Thursday, October 19, 2017

A Case of Bigamy

This tombstone is found on the hill in Smithland Cemetery, which overlooks the Ohio River where it merges with the Cumberland River in Livingston County, Kentucky. No flowers pay tribute to this child and the weathered monument gives no hint to the controversy that swirled around her parents years after the infant's birth and death.




Memory
of
Miss Oleonder
daughter of
Thos. W. & Jane Ann
Browder Who was
born Oct. 24 &
departed this Life
Dec. 6, 1847

Thomas and Jane Ann Browder were living in the household of Richard and Julie An Weston in 1850 Livingston County. Thomas was age 25, a boatman born Kentucky and Jane Ann was age 18, born Pennsylvania. Since Julie An Weston was also born in Pennsylvania, perhaps there was a connection between them.[1]

Thomas Browder left Kentucky and went to California after the Gold Rush began.  We don't know the year he arrived in California, but a newspaper article states Thomas Browder was arrested in San Francisco in 1859 on a charge of bigamy.

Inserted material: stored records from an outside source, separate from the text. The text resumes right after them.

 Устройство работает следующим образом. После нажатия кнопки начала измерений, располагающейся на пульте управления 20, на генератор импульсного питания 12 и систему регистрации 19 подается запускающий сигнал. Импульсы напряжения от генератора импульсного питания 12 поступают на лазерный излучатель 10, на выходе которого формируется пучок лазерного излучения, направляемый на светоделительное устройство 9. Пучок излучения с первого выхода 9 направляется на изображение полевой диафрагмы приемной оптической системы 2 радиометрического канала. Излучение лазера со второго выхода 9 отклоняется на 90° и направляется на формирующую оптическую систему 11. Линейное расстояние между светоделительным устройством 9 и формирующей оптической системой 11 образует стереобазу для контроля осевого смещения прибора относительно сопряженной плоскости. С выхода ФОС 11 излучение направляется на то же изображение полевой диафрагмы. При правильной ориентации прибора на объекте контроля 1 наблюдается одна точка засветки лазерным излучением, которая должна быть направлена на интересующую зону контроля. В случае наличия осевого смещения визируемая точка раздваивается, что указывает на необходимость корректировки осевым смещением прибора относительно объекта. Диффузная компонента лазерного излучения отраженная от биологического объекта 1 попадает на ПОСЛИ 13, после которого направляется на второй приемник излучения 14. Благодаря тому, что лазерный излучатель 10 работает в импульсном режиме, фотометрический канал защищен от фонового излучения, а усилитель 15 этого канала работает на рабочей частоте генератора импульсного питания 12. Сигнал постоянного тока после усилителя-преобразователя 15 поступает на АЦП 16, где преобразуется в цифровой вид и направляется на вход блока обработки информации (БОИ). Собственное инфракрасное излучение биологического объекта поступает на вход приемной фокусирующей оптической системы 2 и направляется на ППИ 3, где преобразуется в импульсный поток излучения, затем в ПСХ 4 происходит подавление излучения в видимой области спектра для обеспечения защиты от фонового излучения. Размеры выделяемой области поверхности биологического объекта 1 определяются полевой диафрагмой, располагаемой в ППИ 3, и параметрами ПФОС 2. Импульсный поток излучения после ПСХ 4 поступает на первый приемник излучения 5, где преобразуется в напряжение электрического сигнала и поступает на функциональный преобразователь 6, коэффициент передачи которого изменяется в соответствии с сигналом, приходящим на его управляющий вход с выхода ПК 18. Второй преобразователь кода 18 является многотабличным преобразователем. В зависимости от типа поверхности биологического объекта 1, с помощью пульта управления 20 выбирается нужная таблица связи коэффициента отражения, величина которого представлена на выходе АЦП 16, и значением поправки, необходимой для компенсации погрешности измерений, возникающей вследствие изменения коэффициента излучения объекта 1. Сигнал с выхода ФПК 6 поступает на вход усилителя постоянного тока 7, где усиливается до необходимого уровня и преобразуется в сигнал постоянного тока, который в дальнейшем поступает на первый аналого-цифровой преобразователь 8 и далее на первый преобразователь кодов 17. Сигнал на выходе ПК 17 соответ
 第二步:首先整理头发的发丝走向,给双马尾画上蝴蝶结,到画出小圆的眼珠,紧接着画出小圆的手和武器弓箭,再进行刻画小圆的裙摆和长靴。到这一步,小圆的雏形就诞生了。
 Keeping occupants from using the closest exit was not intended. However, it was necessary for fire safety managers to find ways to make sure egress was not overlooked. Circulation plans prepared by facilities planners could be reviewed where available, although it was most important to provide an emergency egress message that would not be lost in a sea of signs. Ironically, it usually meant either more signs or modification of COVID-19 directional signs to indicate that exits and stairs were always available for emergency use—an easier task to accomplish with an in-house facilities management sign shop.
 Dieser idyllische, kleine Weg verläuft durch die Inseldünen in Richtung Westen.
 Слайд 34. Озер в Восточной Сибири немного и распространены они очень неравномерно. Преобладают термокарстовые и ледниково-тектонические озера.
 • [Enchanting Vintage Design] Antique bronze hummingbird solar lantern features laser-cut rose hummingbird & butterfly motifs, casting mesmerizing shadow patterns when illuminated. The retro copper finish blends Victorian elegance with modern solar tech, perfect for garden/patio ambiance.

Pressing charges was the mother of his bride, who stated he had a wife in Kentucky, but had married the new wife, who was 16 years old,  in Santa Cruz County the previous year.[2]

Browder was arrested and his trial began in January of 1860. D.W. Patterson of Livingston County testified to having known Browder in Livingston County in 1841 or 1842. "Capt. Browder and a lady came to his home in 1848; it was understood that the lady was his wife, although he has no recollection that defendant introduced her as such."[3]  No marriage record for Thomas Browder has been found in Livingston County or in California.

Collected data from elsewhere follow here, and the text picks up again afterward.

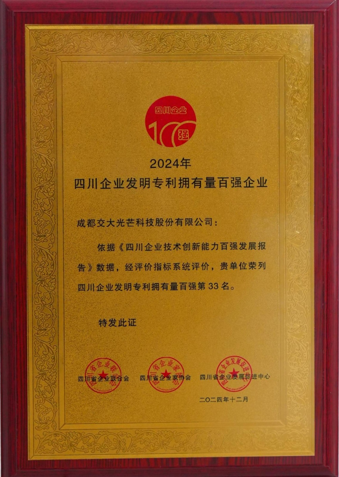 近日,以“技術(shù)創(chuàng)新榮耀四川”為主題的2024年四川企業(yè)技術(shù)創(chuàng)新發(fā)展大會在成都召開,大會發(fā)布《2024四川企業(yè)技術(shù)創(chuàng)新發(fā)展能力百強(qiáng)發(fā)展報告》,川投能源所屬交大光芒榮獲四川企業(yè)技術(shù)創(chuàng)新能力百強(qiáng)企業(yè)(第42位)和四川企業(yè)發(fā)明專利擁有量百強(qiáng)企業(yè)(第33位),這是交大光芒連續(xù)三年獲評“雙百強(qiáng)”企業(yè)認(rèn)定。大會還公布了49名企業(yè)技術(shù)創(chuàng)新突出貢獻(xiàn)人物,交大光芒首席專家、副總經(jīng)理陳奇志榮獲“2024年四川企業(yè)技術(shù)創(chuàng)新突出貢獻(xiàn)人物”稱號。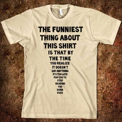 The funniest thing about this T-shirt is that by the time you realize it doesn't say anything it is too late for you to stop reading.
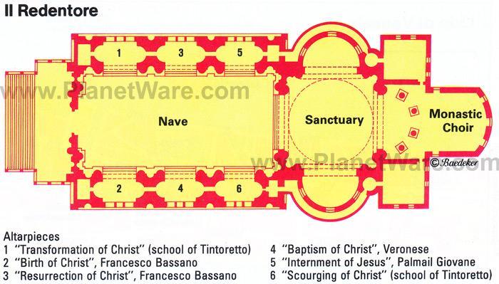 Il Redentore jest budowlą na planie krzyża łacińskiego. Pierwsza część to podłużna dość ciemna nawa z sześcioma kaplicami po bokach. Rytmizowany przez filary przyścienne, nakryty sklepieniem kolebkowym korpus, wyznacza ostatni odcinek drogi procesji i przyjmuje jej uczestników. Następnie dołącza się znacznie lepiej oświetlona budowla centralna trójlistnego prezbiterium, przykryta kopułą na tamburze i po bokach zamknięta przez prawie półokrągłe trybuny – część określająca wotywny charakter kościoła. Ostatnia partia budowli jest pomieszczeniem dla mnichów, usytuowanym za prezbiterium i eksedrą, optycznie oddzielone od dwóch poprzednich pomieszczeń.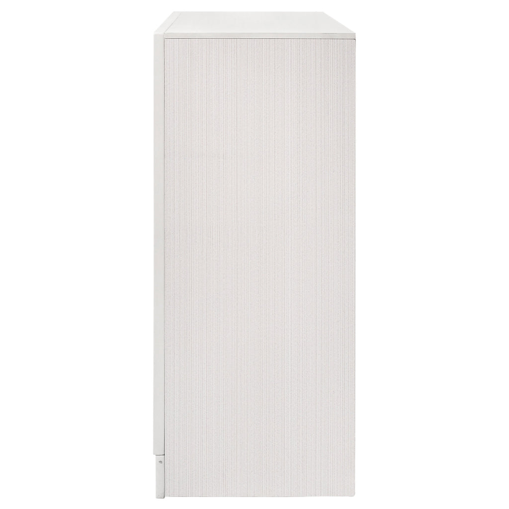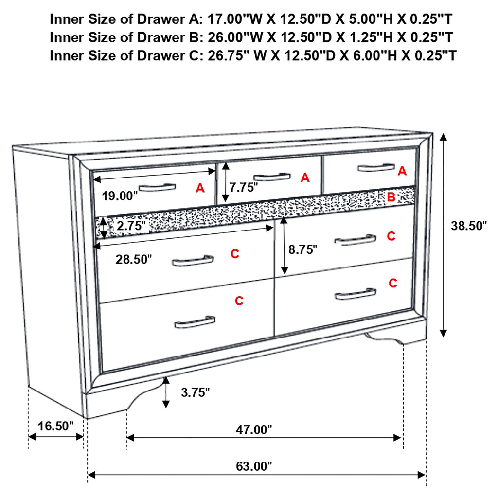 Infuse your space with sophisticated grace. The chic design of this beautiful dresser lends a touch of elegance to any bedroom. Felt-lined drawers keep delicate belongings safe and secure. A hidden jewelry drawer offers a discreet place to store your valuables. Complete with a glittery panel across the front, this piece exudes sparkling opulence. Key Features: • Nine-drawer dresser provides ample clothing storage • Hidden felt-lined drawer located behind glitter accent strip • Crystal hardware stands out against bright white surfaces • Smooth drawer operation with full-extension glides • Bracket-style base and beveled edges offer timeless form • Engineered wood and laminate build ensure durability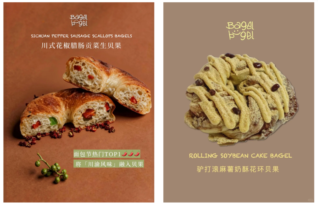 北方品牌更侧重低糖健康与本土创意混搭,以北京本土贝果品牌 Bagel bügel 为例,大胆采用中西融合,潮汕吊龙贝果、川式花椒腊肠贡菜生贝果、老北京驴打滚麻薯奶酥花环贝果……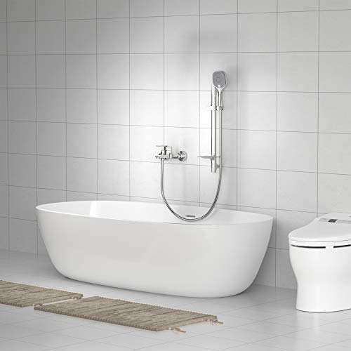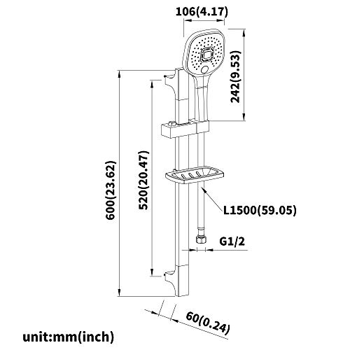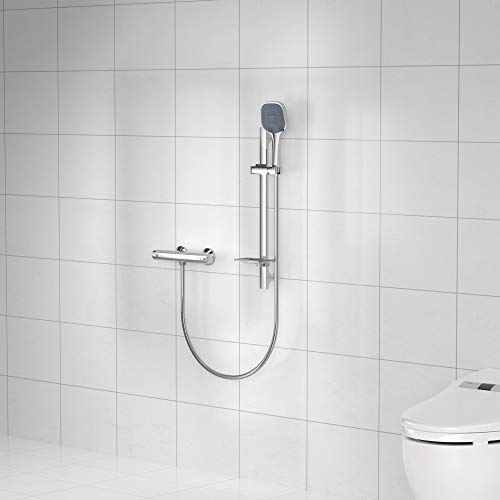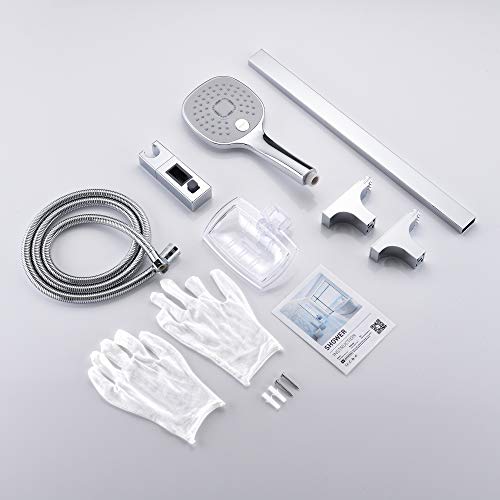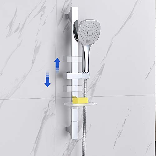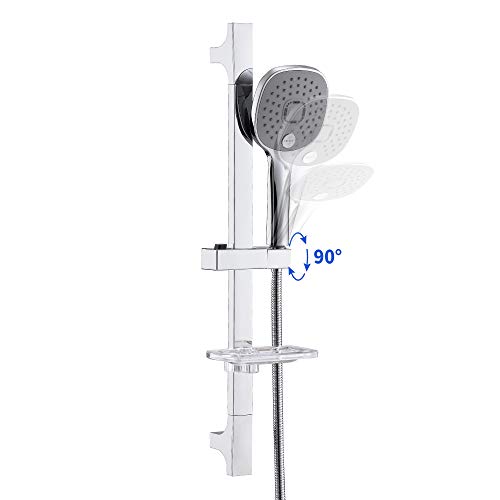 Auralum Set Asta Doccia Con Doccetta a 3 Getti e Portasapone, Tubo Flessibile Doccia 150 cm, Quadrato Saliscendi Doccia Acciaio Inox Senza Miscelatore, Cromato

The trial of Thomas W. Browder continued in California, but was later dismissed by the judge as there was insufficient testimony to warrant the case being continued.

Thomas W. Browder disappears after the trial. He does not appear in the 1860 California census records.  What happened to him?  Did he stay in California or return to Kentucky?   The only clue to his life in Livingston County is the tombstone of his baby daughter in Smithland Cemetery.





[1] 1850 Livingston County, Kentucky census, Smithland, Ancestry.com (online), accessed 10 October 2017.
[2] "Bigamy Case," Sacramento Daily Union, p. 2,  Monday, 19 December 1859.
[3] "The Bigamy Case," San Francisco Bulletin, p. 3, Saturday, 7 January 1860.